191 A.D.3d 52
N.Y. App. Div.2020Background
- In late 2018–spring 2019 a large measles outbreak occurred in Williamsburg and Borough Park (Brooklyn), with most cases among minors and many chains of transmission still active by April 2019.
- The NYC Department of Health conducted extensive outreach and increased voluntary vaccinations, but cases continued to rise despite those efforts.
- On April 9, 2019 the Commissioner issued emergency orders; on April 17, 2019 the Board of Health adopted a resolution requiring MMR vaccination for any person >6 months who lived, worked, or attended school/childcare in four specified zip codes unless immune or medically exempt; violations exposed persons to civil fines.
- Petitioners (residents and parents asserting religious objections) brought a hybrid declaratory/injunctive action and CPLR article 78 proceeding arguing the resolution exceeded authority, violated religious/parental rights, was arbitrary and capricious, and improperly used nuisance power to mandate adult vaccination.
- The Supreme Court denied relief; the Appellate Division rejected petitioners’ challenges, upheld the Board’s authority and reasonableness, reserved any challenge to the amount of fines as premature, and ordered a declaratory judgment that the April 17 resolution was valid. The Board later rescinded the resolution after the outbreak subsided.
Issues
| Issue | Plaintiff's Argument | Defendant's Argument | Held |
|---|---|---|---|
| Mootness / Justiciability | Appeal is academic because Board rescinded resolution; court should dismiss. | Exception applies because issue is likely to recur and evade review (public‑health emergencies). | Appeal not dismissed as moot; exception to mootness applies and merits reviewed. |
| Authority to mandate vaccinations / use of nuisance power | Board exceeded authority and used nuisance doctrine to circumvent statutory limits on mandatory adult vaccination. | Charter and Administrative Code give Board broad authority over communicable diseases and to adopt vaccination measures; outbreak may be declared a public nuisance and abated. | Board acted within its statutory authority; declaring outbreak a public nuisance and imposing a temporary, geographically‑limited vaccination mandate was lawful. |
| Arbitrary, capricious, abuse of discretion / evidentiary sufficiency | Mandate was unreasonable; petitioners submitted medical affidavits opposing vaccine safety/effectiveness. | Department relied on prevailing medical consensus and outbreak data; agencies get deference in public‑health expertise. | Not arbitrary or capricious; substantial evidence and deference to agency experts justified the action. |
| Free Exercise / parental rights (constitutional challenge) | Resolution burdened religious beliefs and parental rights; strict scrutiny should apply and least‑restrictive means were not used. | Resolution is a neutral, generally applicable public‑health rule; Smith governs; rational basis applies; even under strict scrutiny interest is compelling and the measure narrow. | Neutral law of general applicability; rational‑basis review applies; resolution upheld. Even under strict scrutiny, the geographically and temporally limited mandate survived. Hybrid‑rights claim not colorable. |
| Challenge to fines / excessive punishment | Fines (e.g., $1,000/day) would be excessive and unconstitutional. | Amounts and enforcement mechanisms were unspecified; any specific fine challenge is premature. | Challenge to hypothetical fines is premature; a person fined may later litigate excessive or unconstitutional fine. |
Key Cases Cited
- Jacobson v. Massachusetts, 197 U.S. 11 (U.S. 1905) (upholding state's authority to mandate vaccination under the police power).

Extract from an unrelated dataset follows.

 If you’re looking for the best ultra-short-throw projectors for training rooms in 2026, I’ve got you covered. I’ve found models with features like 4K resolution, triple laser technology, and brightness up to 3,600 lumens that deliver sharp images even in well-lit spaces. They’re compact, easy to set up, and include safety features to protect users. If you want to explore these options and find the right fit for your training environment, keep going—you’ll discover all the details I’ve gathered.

- Garcia v. New York City Dept. of Health & Mental Hygiene, 31 N.Y.3d 601 (N.Y. 2018) (Board of Health may adopt vaccination rules for children in city‑regulated programs; City Board has independent vaccination authority).

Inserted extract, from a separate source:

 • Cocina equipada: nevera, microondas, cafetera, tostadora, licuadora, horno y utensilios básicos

- Matter of Viemeister, 179 N.Y. 235 (N.Y. 1904) (early recognition that compulsory vaccination is a reasonable exercise of police power).
- Employment Div., Dept. of Human Resources of Oregon v. Smith, 494 U.S. 872 (U.S. 1990) (neutral, generally applicable laws need not satisfy strict scrutiny under Free Exercise Clause).
- Lanza v. Wagner, 11 N.Y.2d 317 (N.Y. 1962) (court may enter declaratory relief when merits decided).